To avoid unnecessary confusion on the part of employers, employees, courts, or other interested parties, we suggest that the preamble to the final DHS religious worker rule, or the rule itself, be amended to contain a simple statement that the definition of a religious organization for purposes of this rule is distinct from, and does not apply to, the definition of a religious organization or educational institution under Title VII of the Civil Rights Act of 1964, as amended, which contains its own definitions.
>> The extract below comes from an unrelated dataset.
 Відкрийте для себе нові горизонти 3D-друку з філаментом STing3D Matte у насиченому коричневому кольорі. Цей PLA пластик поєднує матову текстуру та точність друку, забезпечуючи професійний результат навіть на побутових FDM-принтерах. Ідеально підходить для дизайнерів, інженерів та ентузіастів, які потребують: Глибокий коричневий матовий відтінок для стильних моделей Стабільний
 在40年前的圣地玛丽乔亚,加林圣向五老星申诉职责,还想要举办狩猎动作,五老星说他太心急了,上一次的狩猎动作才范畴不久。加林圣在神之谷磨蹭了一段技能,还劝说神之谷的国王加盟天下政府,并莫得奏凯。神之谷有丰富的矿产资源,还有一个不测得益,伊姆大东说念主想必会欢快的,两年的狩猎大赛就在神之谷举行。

We hope these comments will be helpful. Please feel free to contact Peggy Mastroianni, Associate Legal Counsel, at 202-663-4609 or Carol Miaskoff, Assistant Legal Counsel for Coordination, at 202-663-4645.
Reed L. Russell
(1) EEOC v. Townley Eng’g & Mfg. Co., 859 F.2d 610, 618 (9th Cir. 1988); accord Hall v. Baptist Mem. Health Care Corp., 215 F.3d 618, 624-25 (6th Cir. 2000) (college of health sciences qualified as a religious institution under Title VII because it was an affiliated institution of a church-affiliated hospital, had direct relationship with the Baptist church, and the college atmosphere was permeated with religious overtones).
(2) Townley, 859 F.2d at 618; see also Killinger v. Samford Univ., 113 F.3d 196 (11th Cir. 1997) (Baptist university was “religious educational institution” where largest single source of funding was state Baptist Convention, all university trustees were Baptists, university reported financially to Convention and to Baptist State Board of Missions, university was member of Association of Baptist Colleges and Schools, university charter designated its chief purpose as “the promotion of the Christian Religion throughout the world by maintaining and operating institutions dedicated to the development of Christian character in high scholastic standing,” and both Internal Revenue Service (IRS) and Department of Education recognized university as religious educational institution).
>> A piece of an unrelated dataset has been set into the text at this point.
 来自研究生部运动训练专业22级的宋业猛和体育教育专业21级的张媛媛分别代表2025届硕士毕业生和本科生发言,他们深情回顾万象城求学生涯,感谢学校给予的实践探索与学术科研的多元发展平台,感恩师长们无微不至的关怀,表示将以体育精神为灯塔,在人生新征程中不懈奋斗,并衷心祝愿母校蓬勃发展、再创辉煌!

(3) LeBoon v. Lancaster Jewish Community Center, 503 F.3d 217 (3d Cir. 2007) (holding that a Jewish Community Center was a religious organization because while it lacked financial or administrative ties with a particular synagogue and many of its activities were cultural, rather than religious, its structure and purpose were primarily religious, its articles of incorporation stated that its mission was to enhance and promote Jewish life, identity, and continuity, it was non-profit, synagogue clergy played an advisory role in the center's management, and it hosted Jewish events and observed holy Jewish holidays); Townley, 859 F.2d at 619. Cf. EEOC v. Kamehameha Schools/Bishop Estate, 990 F.2d 458, 461 (9th Cir. 1993) (non-profit school not “religious” for Title VII purposes where ownership and affiliation, purpose, faculty, student body, student activities, and curriculum of the schools are either essentially secular, or neutral as far as religion is concerned).